Nangsal won her first title in March last year defeating Shiksha Shrestha in the final of Annapurna Corporate Badminton tournament. Later, she also won gold in the Krishna Mohan Memorial Badminton Tournament.
She won back-to-back titles not because she was the best but because her strongest opponent wasn't playing due to injury.
“My sister Sara picked up an injury and had to undergo knee surgery. She was taking rest and didn't participate in those tournaments. I won the titles because other opponents weren't strong,” she clarified.
Sara Devi Tamang
She had been losing all the finals she had reached in the domestic tournament to her sister since 2068 BS. Despite winning titles in the absence of her sister, she thinks Sara's absence in the court has hampered her development. “I am not getting strong opponents to compete in her absence, which ultimately has affected my development,” added Nangsal.
Ratna and Nangsal both hold similar view that their father's love affair with badminton has contributed in their development as players. “I am very lucky that my father and both sisters are in badminton and that has helped me a lot in my professional career. They are the real coaches and judges of my game,” said the youngest player of the family.
Nangsal trains under her sister at Army Physical Training and Sports Center in Lanagkhel every day. “Besides being my competitor, my sister is also my coach. She instructs and also points out my mistakes in the training so that I can improve day by day,” said Nangsal.

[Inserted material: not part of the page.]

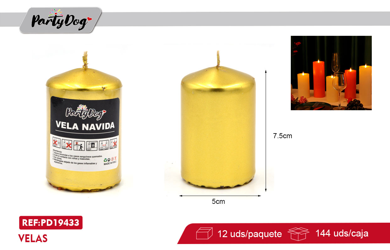 VELA PILAR METALICA 5*7.5CM DORADO X 12 UNI
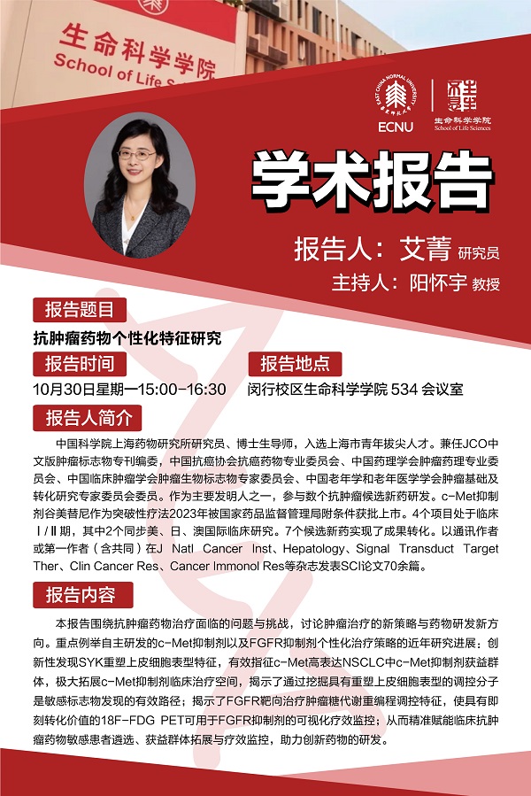 中国科学院上海药物研究所研究员、博士生导师,入选上海市青年拔尖人才。兼任JCO中文版肿瘤标志物专刊编委,中国抗癌协会抗癌药物专业委员会、中国药理学会肿瘤药理专业委员会、中国临床肿瘤学会肿瘤生物标志物专家委员会、中国老年学和老年医学学会肿瘤基础及转化研究专家委员会委员。作为主要发明人之一,参与数个抗肿瘤候选新药研发。c-Met抑制剂谷美替尼作为突破性疗法2023年被国家药品监督管理局附条件获批上市。4个项目处于临床Ⅰ/Ⅱ期,其中2个同步美、日、澳国际临床研究。7个候选新药实现了成果转化。以通讯作者或第一作者(含共同)在J Natl Cancer Inst、Hepatology、Signal Transduct Target Ther、Clin Cancer Res、Cancer Immonol Res等杂志发表SCI论文70余篇。

“I have lost many games including finals in the domestic tournaments against my sister. She always points out my mistakes when we reach home after the game. She also instructs me to overcome them,” said Nangsal.
“The biggest benefit of have your siblings in the same sports is that one does not need to look for training partner,” added Nangsal. “Moreover, I won't get better training partner than them as they both are very talented players.”

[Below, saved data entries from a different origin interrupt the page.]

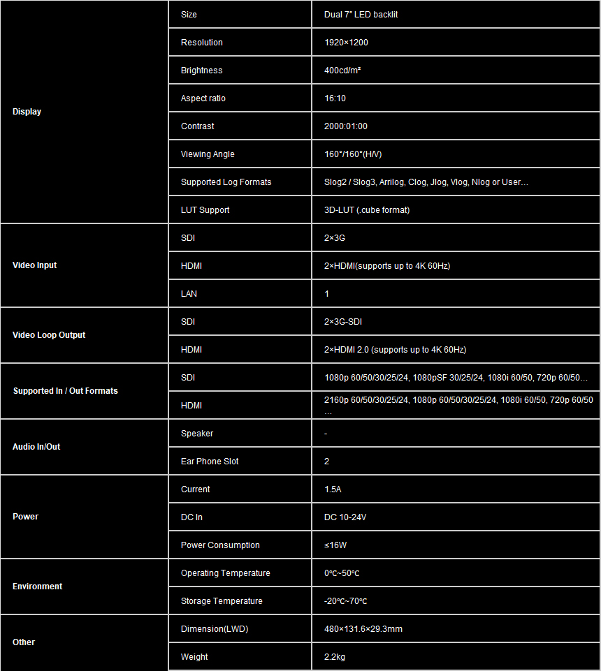 - Output:3G-SDI, HDMI 2.0
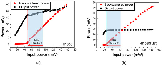 The threshold of SBS, Pth, was further measured by monitoring the backscattered optical power. The results are summarized in Figure 4. Beyond the threshold, the backscattered power linearly increased while the transmitted output power started to saturate. Pth of 50 and 24 mW was observed for HI1060 and HI1060FLEX, respectively. As expected from the fiber specifications, the Pth of HI1060FLEX was significantly lower than that of HI1060 due to the smaller effective modal area in HI1060FLEX.
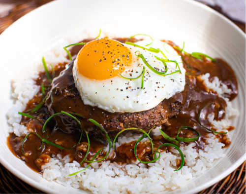 4.Add rice to each plate, top with a burger patty, pour over a generous amount of gravy, top with an egg and garnish with chopped green onions. Enjoy!

Ratna also praised his two sisters and credited them for his badminton journey. “They judge my game very nicely and suggest me ways to improve my performance. They give me feedbacks which are very valuable for me because no one gives you honest feedbacks than your family members. And importantly, both of them are better players than me and feedbacks from better players always help you to improve,” Ratna concluded.
Sara is still nursing her injuries and is likely to miss the upcoming Seventh National Games to be held in Biratnagar this year. But Nangsal and Ratna have set targets of retaining their national champion title in the same competition.